• _What needs to be done_: In the entries below, the lines from the one with "W tym zadaniu" through the one with "reconstruction, 2020 | |" are to be copied exactly; both ends count.
╭─ Available data
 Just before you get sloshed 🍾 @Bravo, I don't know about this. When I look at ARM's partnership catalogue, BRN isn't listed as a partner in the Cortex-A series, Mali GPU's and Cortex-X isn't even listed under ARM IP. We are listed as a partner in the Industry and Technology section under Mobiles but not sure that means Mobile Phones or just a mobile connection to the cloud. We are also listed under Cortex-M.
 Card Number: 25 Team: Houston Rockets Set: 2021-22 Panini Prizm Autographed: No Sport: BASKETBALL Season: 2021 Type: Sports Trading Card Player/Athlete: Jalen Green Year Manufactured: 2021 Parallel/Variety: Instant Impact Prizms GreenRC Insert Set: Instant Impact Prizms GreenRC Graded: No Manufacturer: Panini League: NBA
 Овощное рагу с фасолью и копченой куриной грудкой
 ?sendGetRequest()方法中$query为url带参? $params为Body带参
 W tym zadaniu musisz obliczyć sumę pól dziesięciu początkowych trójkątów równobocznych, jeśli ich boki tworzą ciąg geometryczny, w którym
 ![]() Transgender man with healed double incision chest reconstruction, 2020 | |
╰─
╭─ Available data
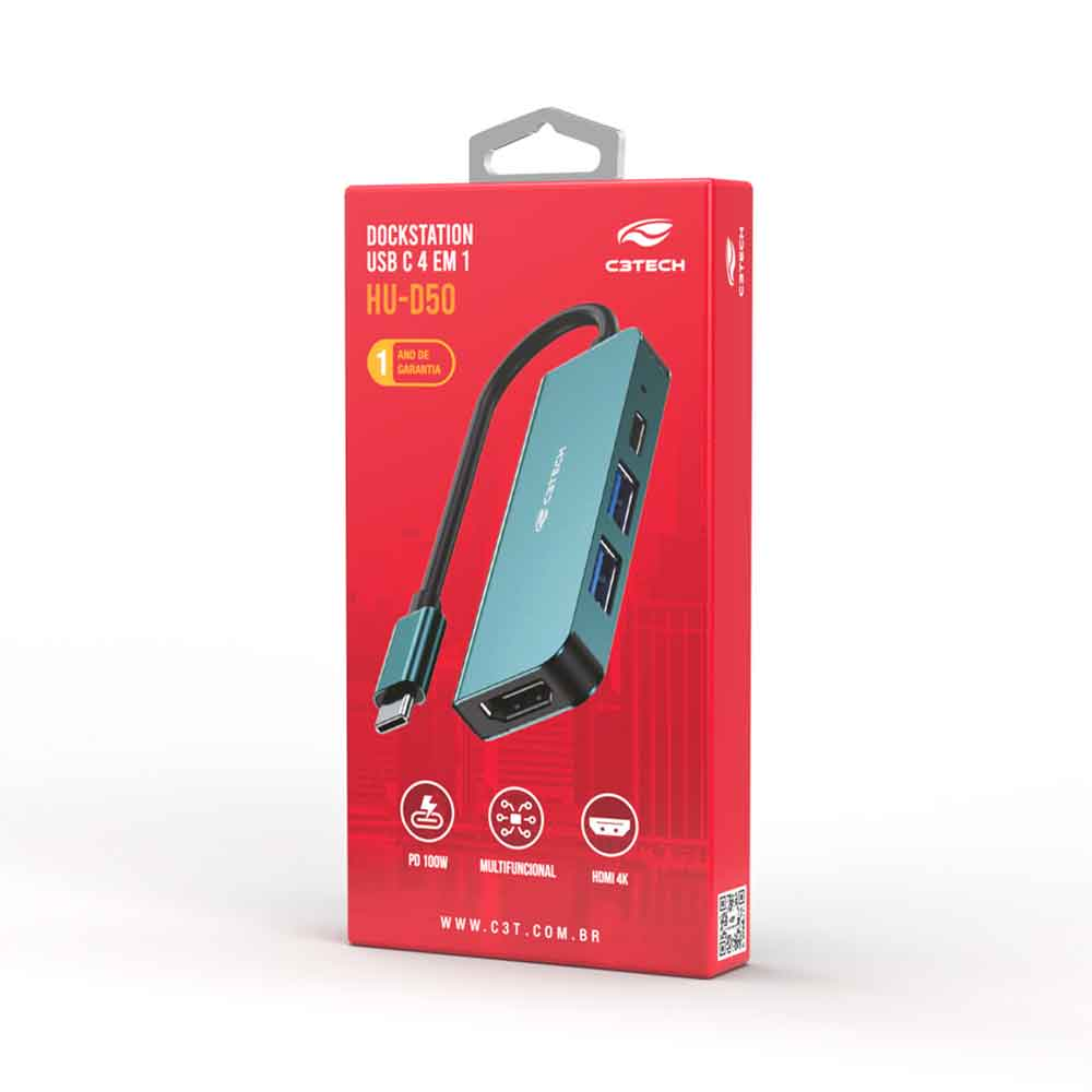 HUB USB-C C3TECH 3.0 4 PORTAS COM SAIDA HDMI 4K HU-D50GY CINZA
╰─
• _Exercise result_:
 W tym zadaniu musisz obliczyć sumę pól dziesięciu początkowych trójkątów równobocznych, jeśli ich boki tworzą ciąg geometryczny, w którym
 ![]() Transgender man with healed double incision chest reconstruction, 2020 | |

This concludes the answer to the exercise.